To practice Problem-Solving Strategy 33.2 Linear Polarization. Unpolarized light of intensity 30 W/cm2 is incident on a linear polarizer set at the polarizing angle θ1 = 14 ∘. The emerging light then passes through a second polarizer that is set at the polarizing angle θ2 = 162 ∘. Note that both polarizing angles are measured from the vertical. What is the intensity of the light that emerges from the second polarizer?

Answer 1

To solve this problem it is necessary to apply the concepts related to the law of Malus.

The light intensity after passing through the first polarizer is given as

$I_1 = \frac{I}{2}$

Where,

I = Intensity of unpolarized light

The expression for malus law is given as

$I_2 = I_1 Cos^2 \theta$

Where

\theta = Angle between the first and second polarizers

$I_1,I_2$  = Intensities of the light after passing through the first and second polarizers respectively.

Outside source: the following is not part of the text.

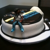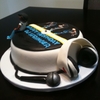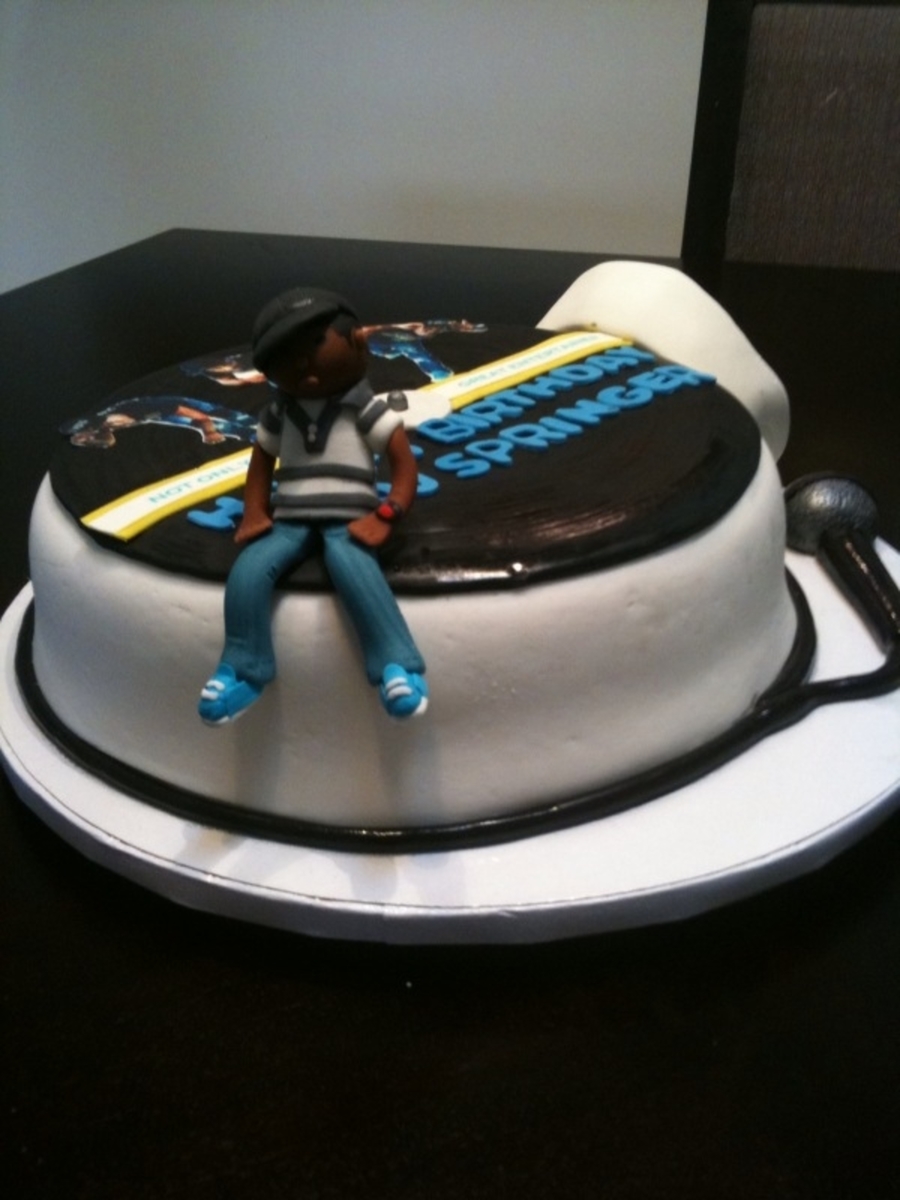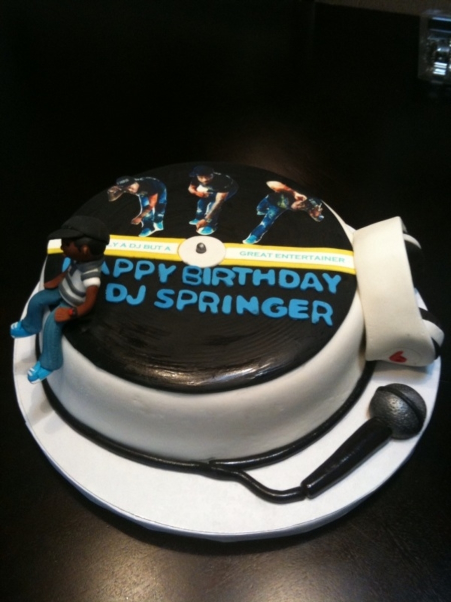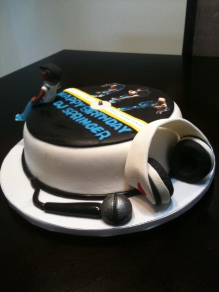 This cake was made for a DJ. The client requested a vinyl with pictures od him and his favorite Dr Dre headphones.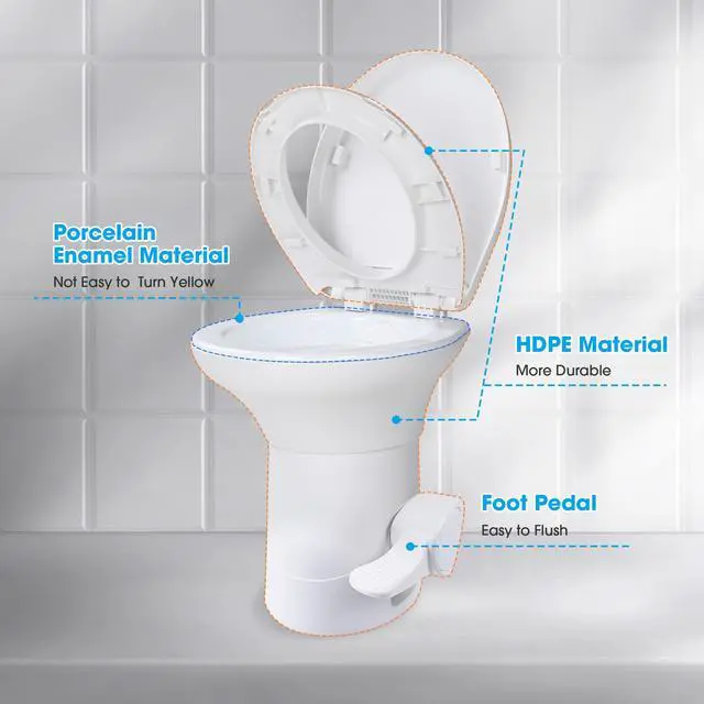 - Household Toilet Comfort - 20" extra tall RV camper toilet features a full-size, residential-style seat for ultimate comfort on the road. The easy-to-open/close lid adds a touch of home, while the sleek, modern design enhances your RV's interior

The intensity of light after passing first polarizer ( Perpendicular to the surface) is

$I_1 = \frac{I}{2}$

$I_1 = \frac{30}{2}$

$I_1 = 15W/cm^2$

The angle between the first and second polarizers is given by

$\theta = \theta_2 -\theta_1$

$\theta = 162-14$

$\theta =148\°$

The expression for Malus law is given by

$I_2 = I_1 cos^2 \theta$

$\theta = 148\°$

$I_2 = (15)cos^2(148)$

$I_2 = 10.78W/cm^2$

Therefore the intensity of the light after passing through both the polarizer is $10.78W/cm^2$